1
votes

I found an exciting Link on calculating pi in Javascript: http://ajennings.net/blog/a-million-digits-of-pi-in-9-lines-of-javascript.html?utm_source=Iterable&utm_medium=email&utm_campaign=the-overflow-newsletter&utm_content=10-03-19

I did never program in Javascript, but I managed to translate it into MATLAB using the 'Symbolic Math Toolbox'. Here my code (containing the Javascript code as MATLAB comment lines)

%% A Million Digist of Pi in 9 Lines of Javascript

% http://ajennings.net/blog/a-million-digits-of-pi-in-9-lines-of-javascript.html

% let i = 1n;
% let x = 3n * (10n ** 1020n);
% let pi = x;
% while (x > 0) {
%         x = x * i / ((i + 1n) * 4n);
%         pi += x / (i + 2n);
%         i += 2n;
% }
% console.log(pi / (10n ** 20n));


% MATLAB Code

n = 1000;   % Number of digits
k = sym(1);
x = 3 * (10^sym(n));
pi = x;

tic
while x > 1/2
    x = x * k / ((k + 1) * 4);
    pi = pi + x /(k + 2);
    k = k +2;
end
fix(pi)
toc

My question now:

Why is the Javascript faster than MATLAB using the Symbolic Math Toolbox?

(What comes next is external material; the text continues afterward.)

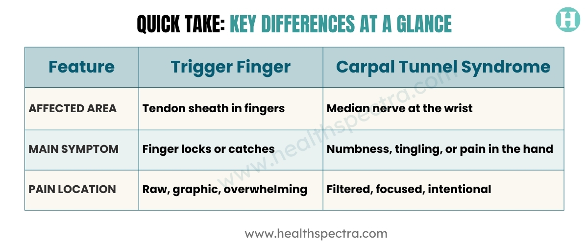 The primary distinction lies in the nature of the symptoms, such as trigger finger involves mechanical locking of the finger, whereas carpal tunnel syndrome is characterized by nerve-related sensations.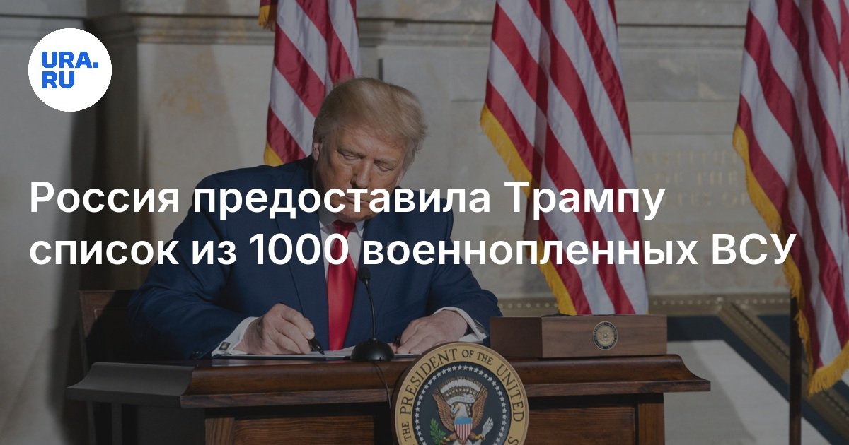Россия передала США список из более тысячи украинских военнопленных для возвращения на Украину. Об этом сообщил президент США Дональд Трамп в эфире телеканала Fox News. По его словам, российская сторона предоставила перечень пленных, которых Киев должен согласиться их принять.

Note: The code is using unlimited integer. So in other words: Why is the Javascript 'infinite digits integer' faster than the symbolic integer in Matlab. Or isn't it?

It has taken 16s for 1000 digits in MATLAB, and not less than 1s (see the link)!

This seems a bit strange to me, as normally MATLAB is really fast (not the fastest, I know).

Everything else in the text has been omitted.